Adrasts Vorurteile, sein Hass auf die Priesterschaft und sein scharfer Ton entspringen persönlichen Erfahrungen: »Priestern habe ich mein Unglück zu danken. Sie haben mich gedrückt, verfolgt; so nahe sie auch das Blut mit mir verbunden hatte« (I, 2; LM II, 56). Seine Liebe zur tugendhaften Juliane zeigt aber, dass es ihm nicht allein um Prinzipien zu tun ist.

An ihrer Schwester Henriette moniert er, dass sie Pflicht, Tugend, Anstand und Religion verspotte, obwohl ihr Verhalten vermutlich auf ihn selbst zurückgeht (wie Juliane bemerkt, IV, 3). Henriette wiederum tadelt Adrasts Zynismus und Herablassung und hebt dagegen Theophans vorurteilslose Freundlichkeit hervor.

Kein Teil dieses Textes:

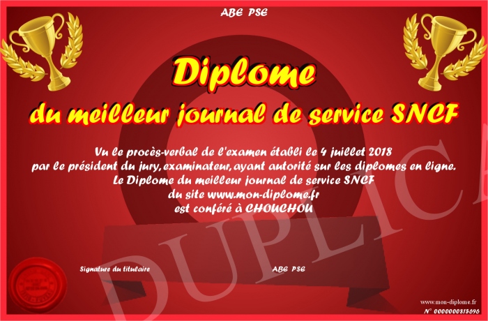 Envoyez par email votre Diplôme du meilleur journal de service SNCF personalisé
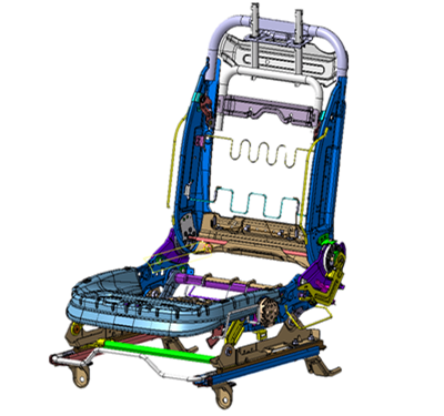 靠背框結(jié)構(gòu)為三個(gè)沖壓件與U型管焊接的結(jié)構(gòu),主動(dòng)式頭枕利用杠桿原理,采用人體對(duì)座椅的沖擊力觸發(fā)頭枕,實(shí)現(xiàn)頭枕向上,向前運(yùn)動(dòng)以保護(hù)乘客的頭部。座框采用四連桿結(jié)構(gòu),通過(guò)高調(diào)器驅(qū)動(dòng)座框上的齒板,齒板又帶動(dòng)四連桿機(jī)構(gòu)運(yùn)動(dòng),從而實(shí)現(xiàn)座椅的高度上、下調(diào)節(jié)。
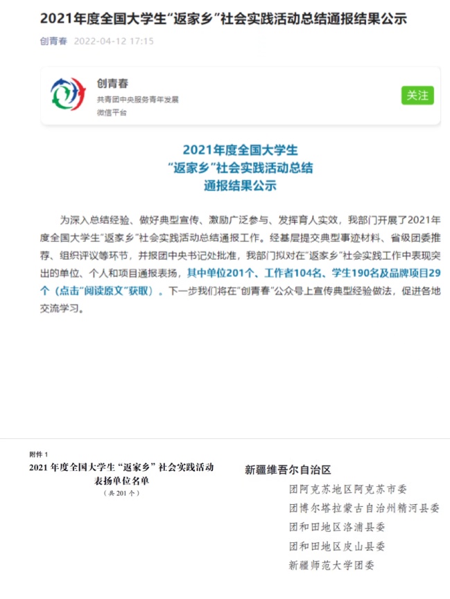 4月12日,共青团中央服务青年发展微信平台“创青春”发布了《2021年度全国大学生“返家乡”社会实践活动总结通报结果公示》,我校获得2021年度全国大学生“返家乡”社会实践活动表扬单位,是全疆唯一获得此项荣誉的高校。
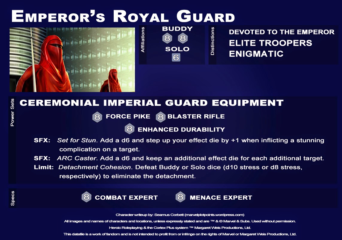 Emperor Palpatine rarely travels without his retinue of Imperial Guardsmen who are rumored to be proficient force users. Whatever their affinity for the dark side, they are powerful warriors and not to be underestimated.
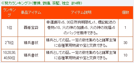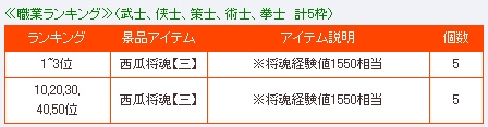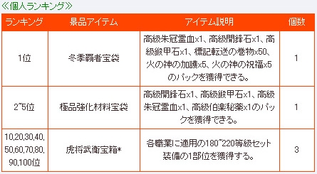 イベント期間中、指定された国戦ランキングの順位に入賞された方に、豪華報酬をプレゼントいたします。ランキングは「個人」「職業」「勢力」の3部門に分かれており、ランクインのチャンスが大幅にUPしました。豪華賞品の獲得を目指して、国戦祭りであなたの名を馳せましょう!
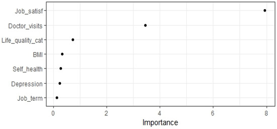 Out of the nine predictors included in the model, two—job satisfaction and doctor visits—have particularly high importance in predicting early retirement (see Figure 3).
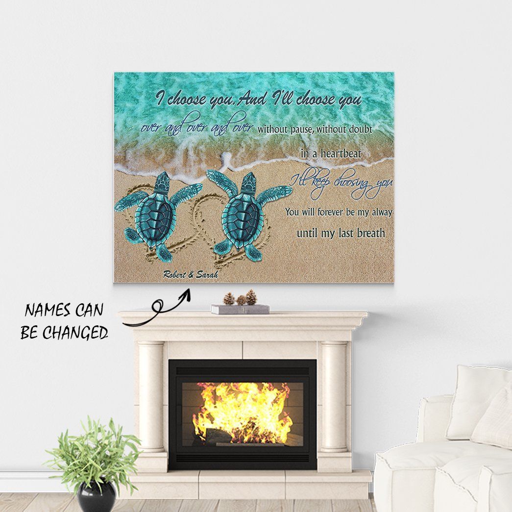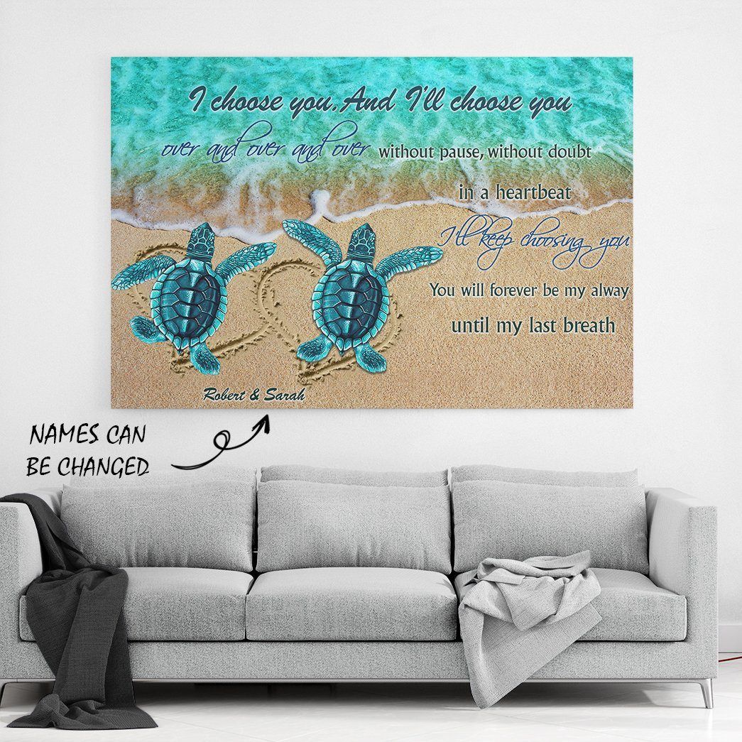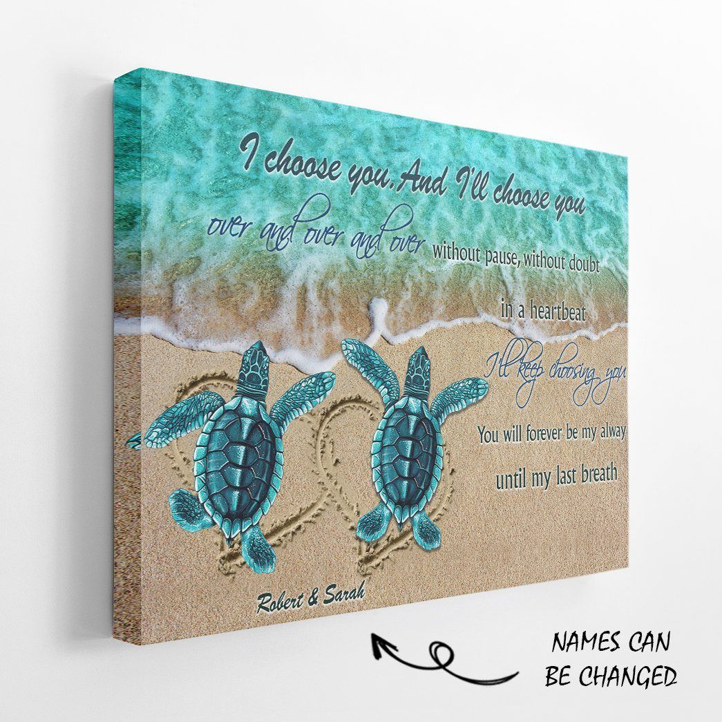 Flowermoonz 3D Sea Turtle I Choose You Custom Name Canvas
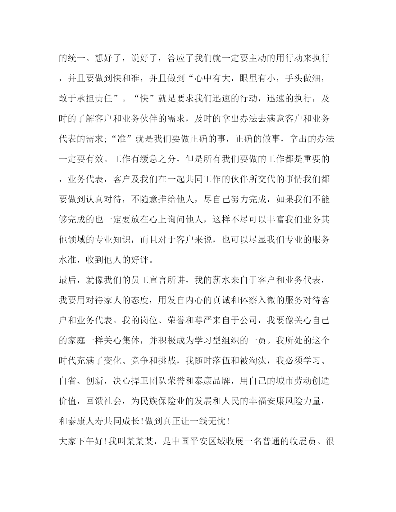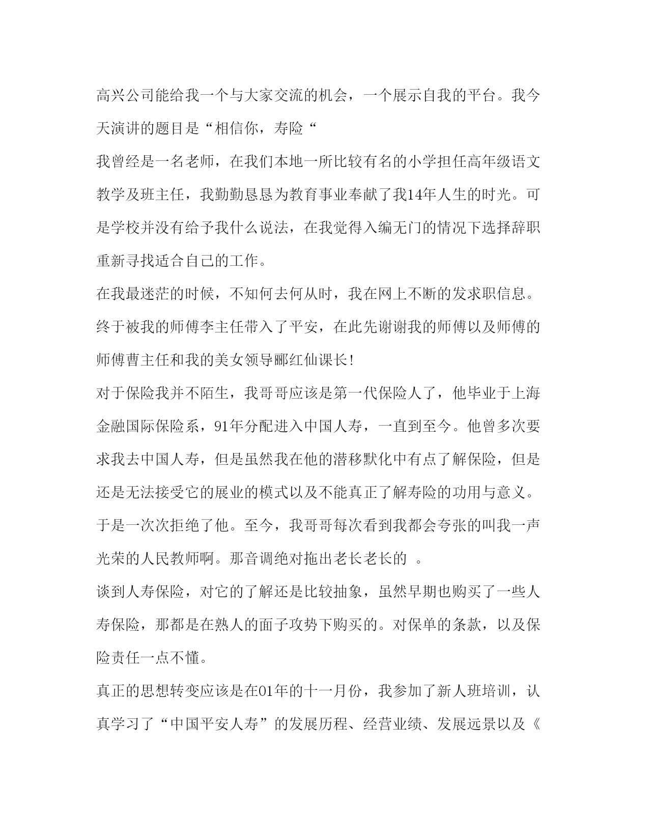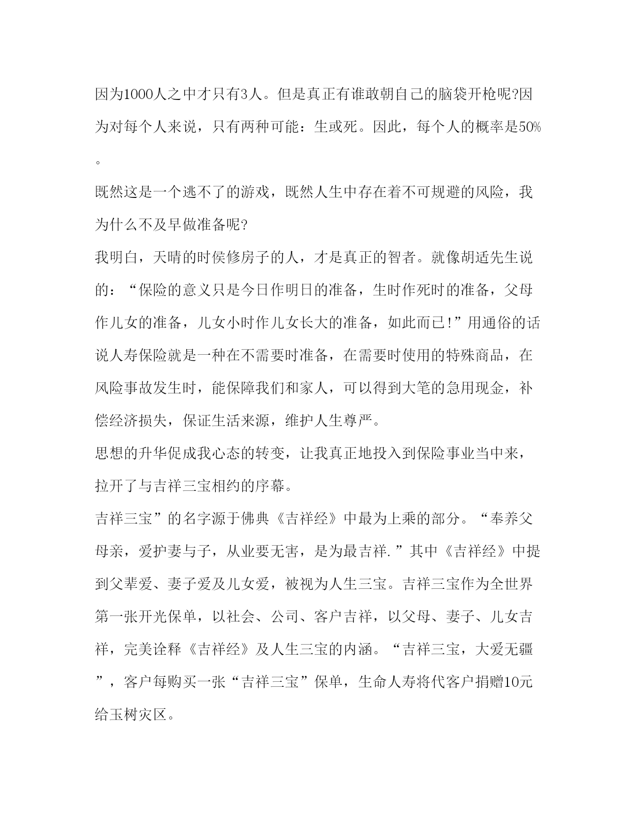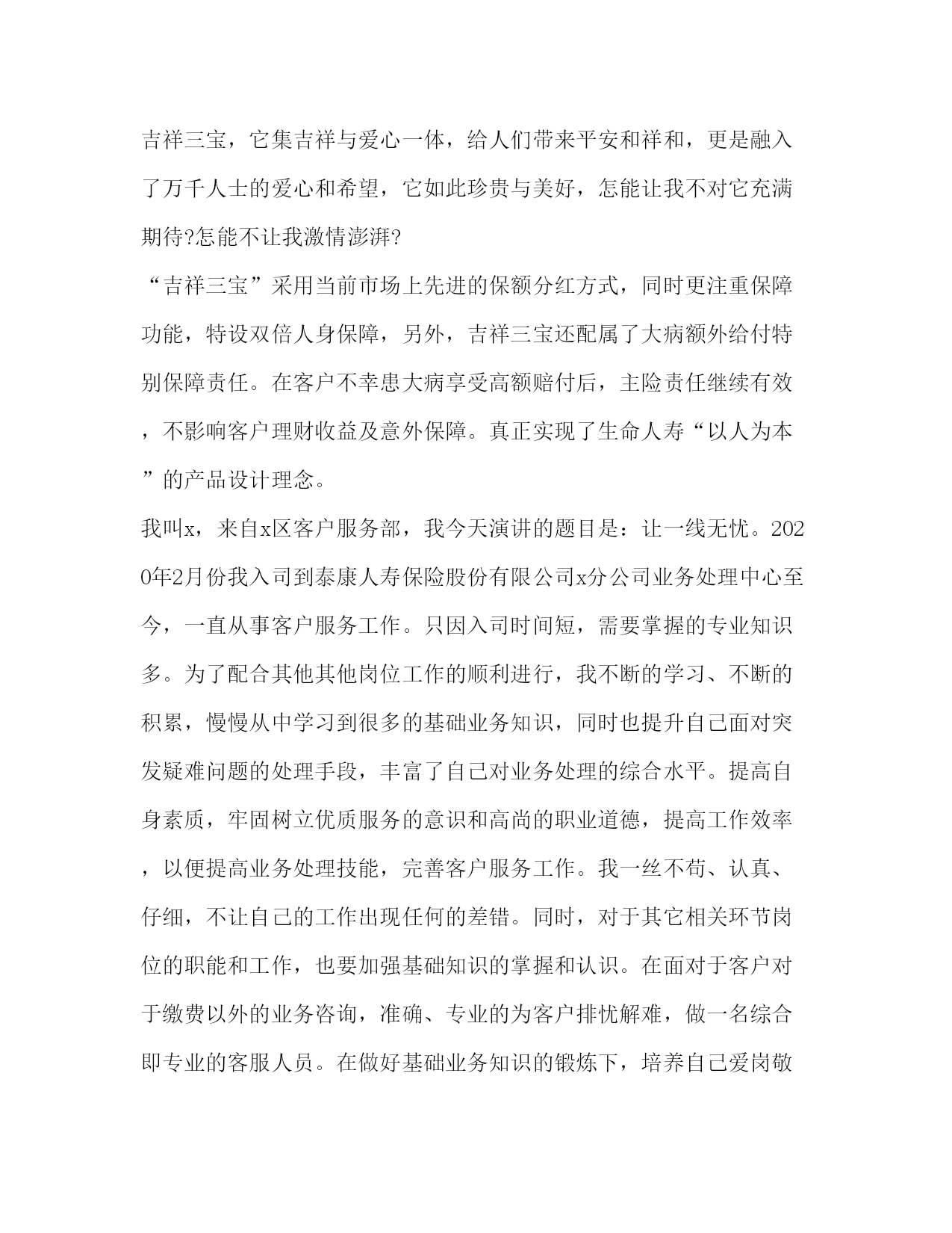 PAGE此资料由网络收集而来,如有侵权请告知上传者立即删除。资料共分享,我们负责传递知识。关于保险发言比尔盖茨说“到目前为止,我没有发现有哪一种方法比购买人寿保险更能有效地解决企业的医疗财务问题”。以下是小编为大家整理的保险发言,供大家参考学习。我一直在等待,等待一个邀约,这本是很多年以前该奔赴的约会,却姗姗来迟。这是一次迟到的相约,我的等待在暮霭中沉默,岁月在静静等待中流逝,一转身,就又过了一季,转眼间,已过了二十多年;这也是一次美丽的相约,更是用智慧驱散我心中迷雾的完美邂逅。一直以来,保险之于我,是遥远而混沌的,虽然我受过高等教育。我们这一代人常被称为保险缺失的一代,在少年时代,我没有受过系统的保险知识教育,连知之甚少的保险知识也是来自于道听途说,其中更有许多歪曲和误解,更别说去购买一份有保障的保险。在生命人寿的专业学习,让我心中的疑惑如迷雾遇到阳光一样逐渐消散。在此之前,我和很多人一样,保险意识淡薄,认为自己年轻身体健康不需要保险。我参加了新人班培训,认真学习了“生命人寿”的发展历程从这个故事中我彻底顿悟了,原来我和我所有人一样,都在无意识地每年重复着这样的游戏。根据中国人生命表统计显示,中国人的年平均死亡率恰巧是千分之三!也许有人说千分之三的概率很小,因为1000人之中才只有3人。但是真正有谁敢朝自己的脑袋开枪呢?因为对每个人来说,只有两种可能:生或死。因此,每个人的概率是50%。既然这是一个逃不了的游戏,既然人生中存在着不可规避的风险,我为什么不及早做准备呢?我明白,天晴的时侯修房子的人,才是真正的智者。就像胡适先生说的:“保险的意义只是今日作明日的准备,生时作死时的准备,父母作儿女的准备,儿女小时作儿女长大的准备,如此而已!”用通俗的话说人寿保险就是一种在不需要时准备,在需要时使用的特殊商品,在风险事故发生时,能保障我们和家人,可以得到大笔的急用现金,补偿经济损失,保证生活来源,维护人生尊严。思想的升华促成我心态的转变,让我真正地投入到保险事业当中来,拉开了与吉祥三宝相约的序幕。吉祥三宝”的名字源于佛典《吉祥经》中最为上乘的部分。“奉养父母亲,爱护妻与子,从业要无害,是为最吉祥.”其中《吉祥经》中提到父辈爱、妻子爱及儿女爱,被视为人生三宝。吉祥三宝作为全世界第一张开光保单,以社会、公司、客户吉祥,以父母、妻子、儿女吉祥,完美诠释《吉祥经》及人生三宝的内涵。“吉祥三宝,大爱无疆”,客户每购买一张“吉祥三宝”保单,生命人寿将代客户捐赠10元给玉树灾区。吉祥三宝,它集吉祥与爱心一体,给人们带来平安和祥和,更是融入了万千人士的爱心和希望,它如此珍贵与美好,怎能让我不对它充满期待?怎能不让我激情澎湃?“吉祥三宝”采用当前市场上先进的保额分红方式,同时更注重保障功能,特设双倍人身保障,另外,吉祥三宝还配属了大病额外给付特别保障责任。在客户不幸患大病享受高额赔付后,主险责任继续有效,不影响客户理财收益及意外保障。真正实现了生命人寿“以人为本”的产品设计理念。我叫x,来自x区客户服务部,我今天演讲的题目是:让一线无忧。2020年2月份我入司到泰康人寿保险股份有限公司x分公司业务处理中心至今,一直从事客户服务工作。只因入司时间短,需要掌握的专业知识多。为了配合其他其他岗位工作的顺利进行,我不断的学习、不断的积累,慢慢从中学习到很多的基础业务知识,同时也提升自己面对突发疑难问题的处理手段,丰富了自己对业务处理的综合水平。提高自身素质,牢固树立优质服务的意识和高尚的职业道德,提高工作效率,以便提高业务处理技能,完善客户服务工作。我一丝不苟、认真、仔细,不让自己的工作出现任何的差错。同时,对于其它相关环节岗位的职能和工作,也要加强基础知识的掌握和认识。在面对于客户对于缴费以外的业务咨询,准确、专业的为客户排忧解难,做一名综合即专业的客服人员。在做好基础业务知识的锻炼下,培养自己爱岗敬业的涵养。干好一个工作,只有自己首先热爱这个岗位,才能充分发挥自已能力,为客户做好每一件事。每天以微笑的心情、以专业和真诚,服务于客户。我热情、我大方、我周到,让客户高兴而来,满意而归。做到不断改进,完善服务,为树立公司优质文明服务建立良好的形象。遵守公司规定,加强自我的管理意识,严格要求自己,以更好的工作状态,让领导满意。使自己成为一名合格的业务管理人员!一座桥梁,要有桥墩为之作柱,否则难以流通千车万人;一枝红玫瑰,要有根茎为之作柱,否则难以飘香于情人节;一座高楼,同样要有支柱,否则,难以拔地而起,而我们的公司,其支柱又是什么?是全体员工的敬业精神。古今中外,敬业被多少有志之士视为人生的座右铭,敬业也成就了多少伟业和功名。“为人性僻耽佳句,语不惊人死不休”体现了一代诗圣杜甫对写作的敬业精神,做几千次试验,甚至拿自己
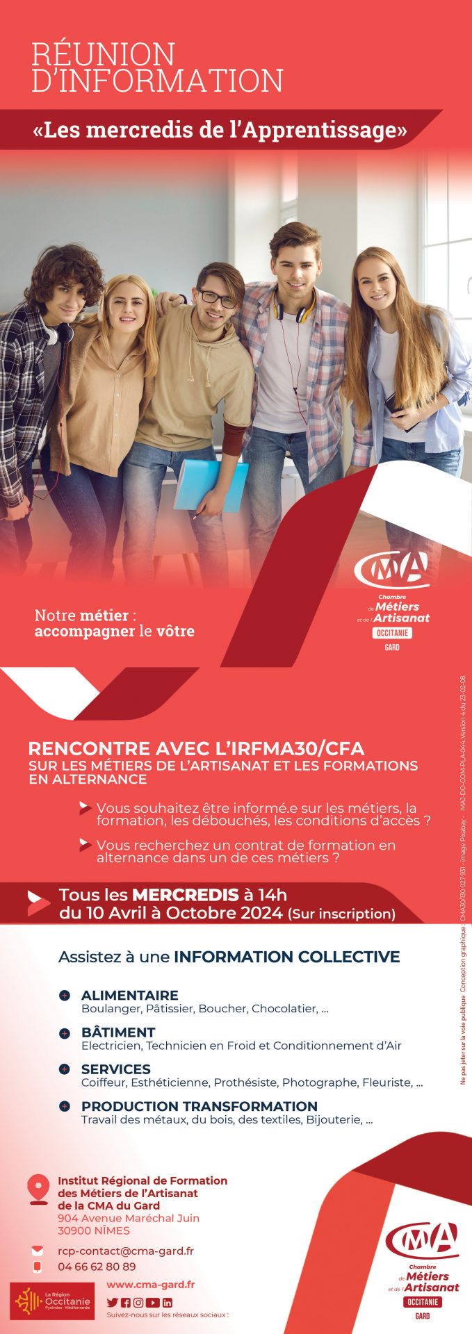 Sur inscription uniquement (rcp-contact@cma-gard.fr 04 66 62 80 89)

Aufrichtig um Adrasts Freundschaft bemüht, zeigt Theophan Verständnis für dessen Freigeisterei und führt sie auf seine Jugend zurück. Der tiefere Grund für Adrasts Hass liegt in seiner Eifersucht auf Theophan, denn der ist Juliane versprochen. Jeder Großmütigkeit Theophans unterstellt er niedere Absichten. Als sein Gläubiger Araspe, ein Vetter Theophans, eintrifft, verdächtigt er den Konkurrenten der Rufschädigung. Theophans Versuch, ihm die Wechsel ohne Rückzahlung auszuhändigen, steigert sein Misstrauen ebenso wie alle weiteren Versuche Theophans, ihm zu helfen und sein Vertrauen zu gewinnen.

Adrast trifft inzwischen Vorbereitungen, seine Schulden auf ehrlichem Wege zu begleichen, nicht nur aus Stolz gegenüber Theophan, sondern aus Wahrheitsliebe. Der Vorschlag seines Dieners Johann, die Gültigkeit der Wechsel abzustreiten, empört ihn (I, 5). Als er Juliane schließlich seine Liebe gesteht, tritt seine idealistische Gesinnung ebenso zutage wie seine Verbundenheit mit Julianes Vater Lisidor.

Erst als Theophan durch Adrasts anhaltende Feindseligkeit die Geduld verliert und endlich ärgerlich wird, lenkt Adrast erstaunt ein und gibt seine bornierte Haltung auf. Als er erfährt, dass Juliane ihn liebt, fällt mit der Eifersucht auch das Hauptmotiv seines Handelns weg. Damit steht am Ende auch der Freundschaft der beiden Männer nichts mehr im Wege.